Setiap pengajuan yang telah ditolak tidak bisa diubah, sehingga bila ke depannya kamu masih berencana untuk memutar film dalam acara dan waktu yang sama seperti sebelumnya, kamu wajib membuat pengajuan baru. - Informasi dalam popup akan berubah dan bertambah, ketika mulai diproses. Sebagai contoh, perhatikan Gambar 2 berikut ini.

Gambar 2. Perbandingan berkas pengajuan Pemutaran Publik yang berstatus ‘Diajukan’ dan ‘Dalam Proses’. Pada contoh di atas, muncul kolom baru yakni ‘Status Izin’ dan ‘Status Screening Fee’ dengan keterangannya masing-masing. ‘Status Screening Fee’ muncul karena pengaju mengisi kolom ‘Screening Fee’ saat membuat pengajuan. Pada titik ini, pemberitahuan via email akan dikirim ke pembuat film secara otomatis.
Perlu diingat!
Bila pengajuanmu disertai diskusi dan mengundang pembuat film, pemberitahuan undangan ini juga akan diteruskan ke email pembuat film secara otomatis. Meski demikian, ada tidaknya respon balik dari pembuat film di luar dari kontrol pengelola. - Terkait ‘Status Izin‘. Apabila film yang diajukan membutuhkan izin langsung dari pembuat film, maka akan ada periode masa tunggu hingga 14 hari sejak notifikasi ke pembuat film dikirimkan. Apabila hingga 14 hari pembuat film belum memberikan konfirmasi pemberian izin untuk filmnya diputar, maka pengajuan akan dibatalkan. Pemberitahuan pembatalan ini akan dikirimkan ke email PIC yang diberikan.

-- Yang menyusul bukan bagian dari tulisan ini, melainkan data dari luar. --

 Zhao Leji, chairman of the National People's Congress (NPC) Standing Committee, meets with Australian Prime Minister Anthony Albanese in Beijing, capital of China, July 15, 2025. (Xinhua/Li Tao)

- Terkait ‘Status Screening Fee‘. Setiap pembuat film berhak melakukan negosiasi atas nilai screening yang diajukan, yang mana bila ini terjadi, email respon pembuat film akan dikirim ke email PIC (penyelenggara) dan ke arsip@ffd.or.id sebagai tembusan (CC) untuk memantau komunikasi yang terjalin antara kedua belah pihak. Ketika kamu sebagai pengaju hendak mengirim respon balik ke pembuat film, pastikan untuk menyertakan arsip@ffd.or.id sebagai tembusan (CC) dalam email balasan. Apabila jarak dengan tanggal pemutaran semakin dekat dan belum adanya kesepakatan terkait nominal screening fee, maka pengajuan akan dibatalkan.Khusus untuk film yang memiliki status Bebas Izin, hal yang sama akan berlaku, kecuali apabila dalam kurun 14 hari (sejak notifikasi dikirimkan ke pembuat film) tidak ada respon sama sekali dari pembuat film, maka nominal Screening Fee akan disepakati otomatis, dan rekening FFD akan menjadi rekening perantara.

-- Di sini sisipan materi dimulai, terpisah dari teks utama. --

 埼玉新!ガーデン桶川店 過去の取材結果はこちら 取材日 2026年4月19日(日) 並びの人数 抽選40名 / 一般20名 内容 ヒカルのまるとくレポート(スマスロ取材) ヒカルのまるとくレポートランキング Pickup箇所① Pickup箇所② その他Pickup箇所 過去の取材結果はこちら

- Ketika film yang membutuhkan izin tertulis oleh pembuat telah disetujui, dan bila terdapat elemen screening fee yang telah disepakati, maka status pengajuan akan berubah menjadi ‘Menunggu Transfer’, di mana pengaju diwajibkan untuk mentransfer sesuai nominal yang disepakati oleh pembuat. Notifikasi otomatis juga akan dikirim ke email PIC (penyelenggara). Adapun data rekening tujuan akan tampil dengan memilih ‘Detail transfer’ pada kolom Pembayaran sebagaimana ditunjukkan berikut:

Gambar 3. Data rekening tujuan dan pengiriman bukti transfer tersedia dengan memilih ‘Detail transfer’ pada kolom Pembayaran. Setelah pengaju melakukan pembayaran, pastikan untuk mengunggah bukti transfer agar formulir dapat diproses lebih lanjut. Kesalahan dalam proses transfer di luar tanggung jawab pengelola, sehingga pastikan kamu transfer sesuai data rekening yang tertera dan mengunggah buktinya. Setelah bukti terunggah, kolom Pembayaran akan menampilkan tautan untuk melihat bukti transfer seperti berikut.

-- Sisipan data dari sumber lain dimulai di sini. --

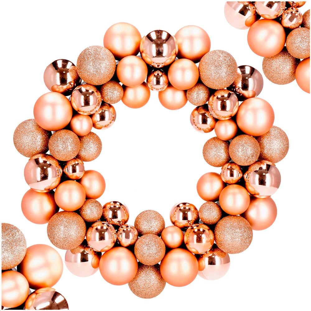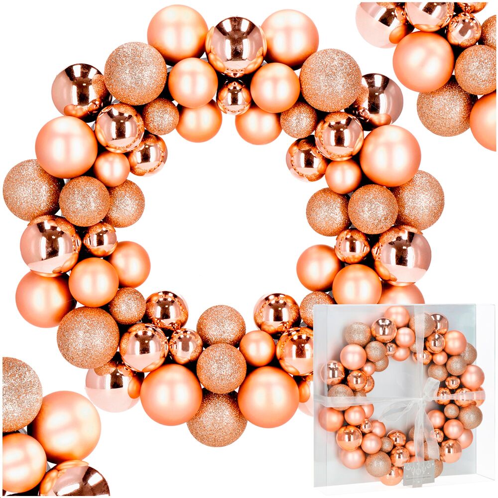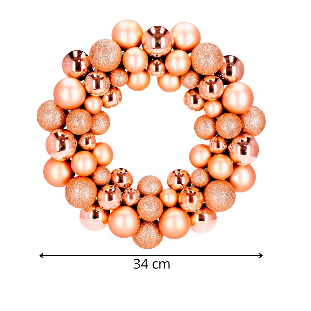 Elegantní vánoční věnec v odstínu růžového zlata dodá vašemu domovu slavnostní a moderní vzhled. Vyroben z nerozbitného plastového materiálu, ideální k zavěšení na dveře nebo jako dekorace na sváteční stůl. Součástí je poutko pro snadné zavěšení. Vhodný pro vnitřní i venkovní použití. Průměr 34 cm.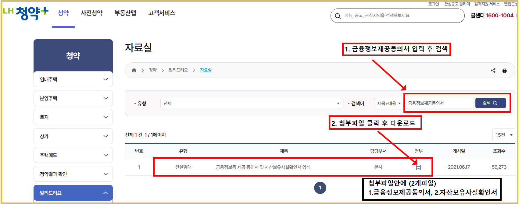 4. 자료실로 이동 되면 검색창에 금융정보제공동의서 검색

Gambar 4. Kolom pembayaran akan menampilkan bukti transfer secara otomatis ketika form transfer telah diisi. - Ketika ‘Status Izin’ telah disetujui (dan ‘Status Screening Fee’ telah lunas), maka Pengelola akan segera menindaklanjuti sehingga ‘Status Pengajuan’ bisa berubah menjadi ‘Disetujui’.
- Ketika ‘Status Pengajuan’ menjadi ‘Disetujui’, notifikasi email secara otomatis akan dikirim ke email PIC, dan Berkas Pengajuan akan berubah tampilannya sebagaimana berikut.

Gambar 5. - Kolom ‘Unduh Film’ akan muncul dengan tautan Google Drive menuju file putar film terkait yang sudah terenkripsi (.vep). Perlu diperhatikan bahwa file ini hanya bisa diakses menggunakan email PIC yang menggunakan provider Google.
- Kolom area ‘Akun Akses’ akan muncul. Gunakan informasi yang tersedia di sini untuk masuk ke software pemutar. Perlu diperhatikan bahwa akun ini akan dinonaktifkan setelah tanggal pemutaran berlalu.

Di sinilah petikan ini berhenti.